Fie, sir! I have a VT220 in my Data Center, and I hook it up to all manner of modern servers (Sun boxes from a 210 through our brand new M5000s). I love that little guy: like a P-38 can-opener, it's simple and never fails me.
posted by wenestvedt at 7:27 AM on August 12, 2011

Also, post on the Sun-Rescue mailing list -- I expect there'll be someone there who can help you:
posted by wenestvedt at 7:28 AM on August 12, 2011

I've sent a link to this thread and your email address to my friend Andy. He has a warehouse full of state-of-the-ark DEC equipment, and I bet he'd lend you a VT-100.
posted by flabdablet at 10:06 AM on August 12, 2011

I'll just have to look into wether I can interface with them from OS X.
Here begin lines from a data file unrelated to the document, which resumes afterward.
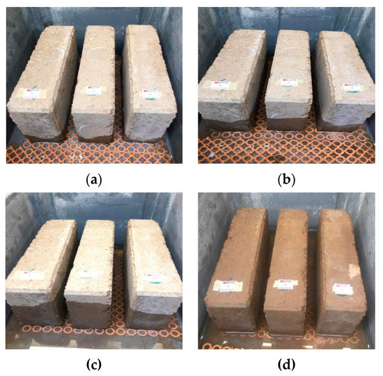 Water absorption by capillarity test: (a) after 10 min of water immersion; (b) after 30 min of water immersion; (c) after 45 min of water immersion; and (d) after 60 min of water immersion.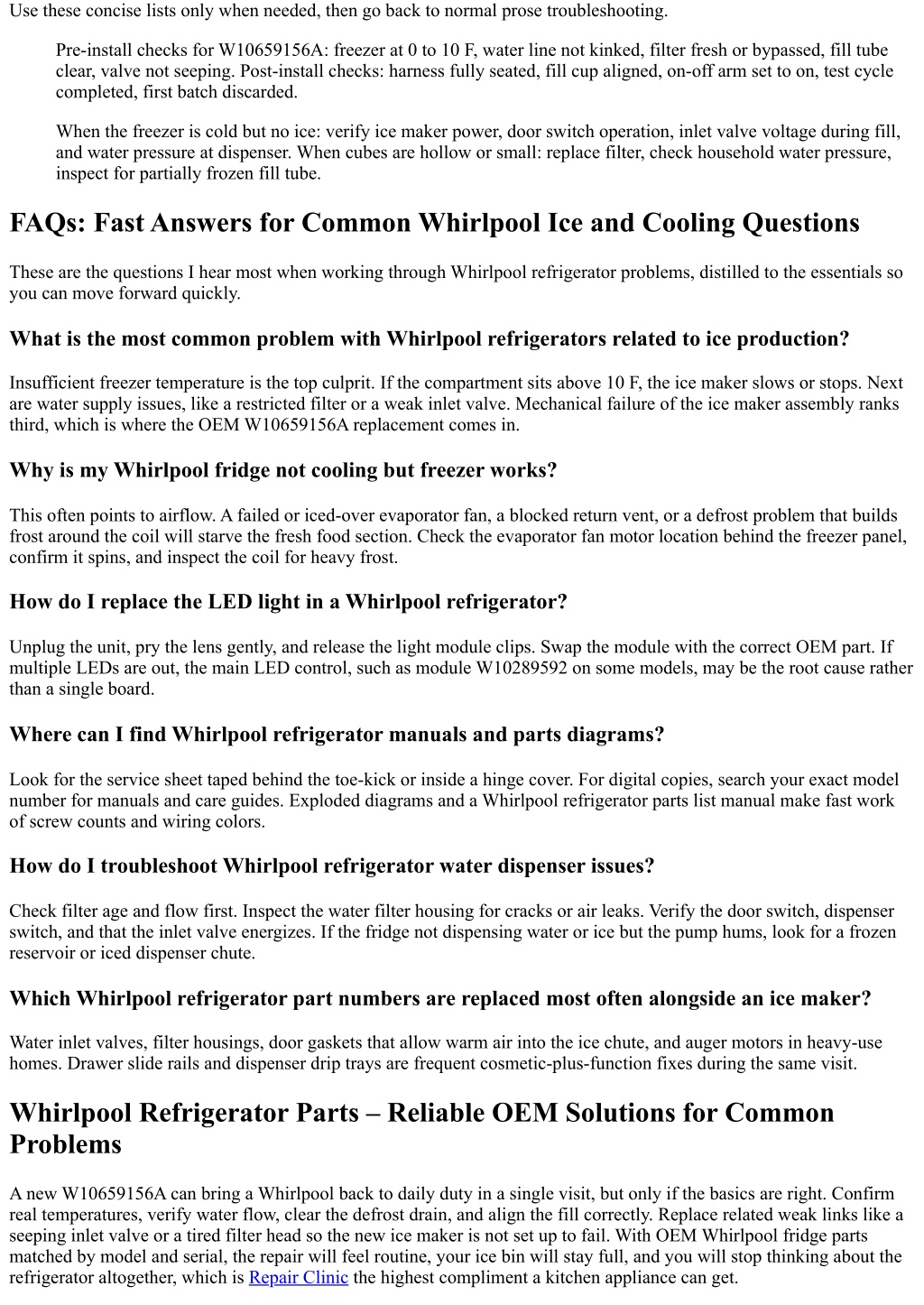 Use these concise lists only when needed, then go back to normal prose troubleshooting. Pre-install checks for W10659156A: freezer at 0 to 10 F, water line not kinked, filter fresh or bypassed, fill tube clear, valve not seeping. Post-install checks: harness fully seated, fill cup aligned, on-off arm set to on, test cycle completed, first batch discarded. When the freezer is cold but no ice: verify ice maker power, door switch operation, inlet valve voltage during fill, and water pressure at dispenser. When cubes are hollow or small: replace filter, check household water pressure, inspect for partially frozen fill tube. FAQs: Fast Answers for Common Whirlpool Ice and Cooling Questions These are the questions I hear most when working through Whirlpool refrigerator problems, distilled to the essentials so you can move forward quickly. What is the most common problem with Whirlpool refrigerators related to ice production? Insufficient freezer temperature is the top culprit. If the compartment sits above 10 F, the ice maker slows or stops. Next are water supply issues, like a restricted filter or a weak inlet valve. Mechanical failure of the ice maker assembly ranks third, which is where the OEM W10659156A replacement comes in. Why is my Whirlpool fridge not cooling but freezer works? This often points to airflow. A failed or iced-over evaporator fan, a blocked return vent, or a defrost problem that builds frost around the coil will starve the fresh food section. Check the evaporator fan motor location behind the freezer panel, confirm it spins, and inspect the coil for heavy frost. How do I replace the LED light in a Whirlpool refrigerator? Unplug the unit, pry the lens gently, and release the light module clips. Swap the module with the correct OEM part. If multiple LEDs are out, the main LED control, such as module W10289592 on some models, may be the root cause rather than a single board. Where can I find Whirlpool refrigerator manuals and parts diagrams? Look for the service sheet taped behind the toe-kick or inside a hinge cover. For digital copies, search your exact model number for manuals and care guides. Exploded diagrams and a Whirlpool refrigerator parts list manual make fast work of screw counts and wiring colors. How do I troubleshoot Whirlpool refrigerator water dispenser issues? Check filter age and flow first. Inspect the water filter housing for cracks or air leaks. Verify the door switch, dispenser switch, and that the inlet valve energizes. If the fridge not dispensing water or ice but the pump hums, look for a frozen reservoir or iced dispenser chute. Which Whirlpool refrigerator part numbers are replaced most often alongside an ice maker? Water inlet valves, filter housings, door gaskets that allow warm air into the ice chute, and auger motors in heavy-use homes. Drawer slide rails and dispenser drip trays are frequent cosmetic-plus-function fixes during the same visit. Whirlpool Refrigerator Parts – Reliable OEM Solutions for Common Problems A new W10659156A can bring a Whirlpool back to daily duty in a single visit, but only if the basics are right. Confirm real temperatures, verify water flow, clear the defrost drain, and align the fill correctly. Replace related weak links like a seeping inlet valve or a tired filter head so the new ice maker is not set up to fail. With OEM Whirlpool fridge parts matched by model and serial, the repair will feel routine, your ice bin will stay full, and you will stop thinking about the refrigerator altogether, which is Repair Clinic the highest compliment a kitchen appliance can get.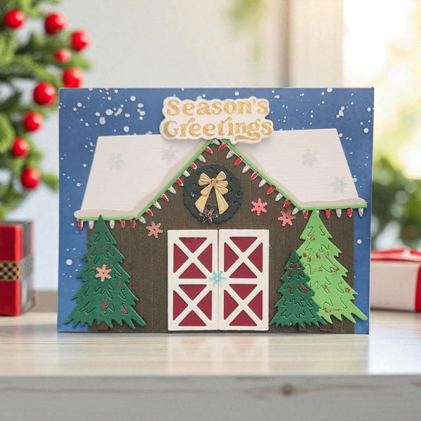 Country Christmas Barn Etched Dies are from the Country Christmas Collection by Annie Williams. Build a barn with this set of 17 thin metal cutting dies! Includes everything to dress it up for the holidays too: wreath, two sizes of trees, and holiday lights! After the holidays, take the décor off or make another one for all year round!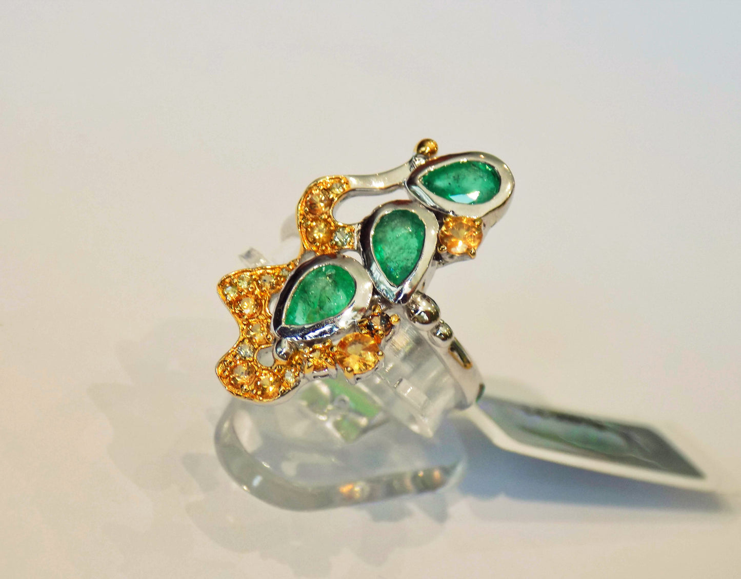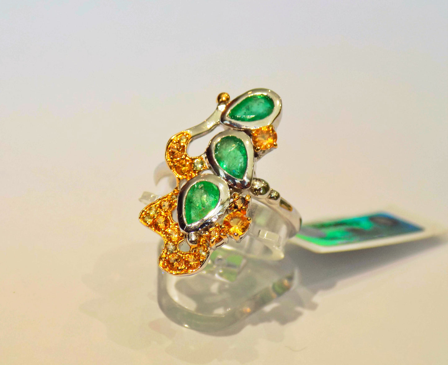 Sudraba gredzens ar smaragdiem un dzelteniem safīriem

As far as OS X is concerned, the terminal is just a serial port.
posted by Mars Saxman at 10:23 AM on August 12, 2011

Mars Saxman: "As far as OS X is concerned, the terminal is just a serial port."

Yeah, but…
  • No point buying an IBM 3270 or equivalent; EBDIC vs ASCII.
  • There's a surprising amount of 20mA current-loop equipment out there - it's serial, but not RS-232.
  • There's also a surprising amount of later telex stuff out there which uses a separate current-loop interface box connecting to an RS-232 interface on the terminal - but the terminal speaks Baudot.
  • Slightly later stuff is much more common, and it's mostly ARCNet or Token Ring. Lot of ex-Government stuff is IBM Twinax.
  • I've come across more than a few USB RS-232 interfaces that won't talk anything other than 8N1. No good if your terminal is hardwired / hardcoded to 7E1.5 or something (though most should be switch/strappable).

posted by Pinback at 3:58 PM on August 12, 2011 [1 favorite]

Response by poster: My main guide on setting up a terminal for OS X is this page which explains how to get the serial port to show up and how to get getty to show a login prompt on it.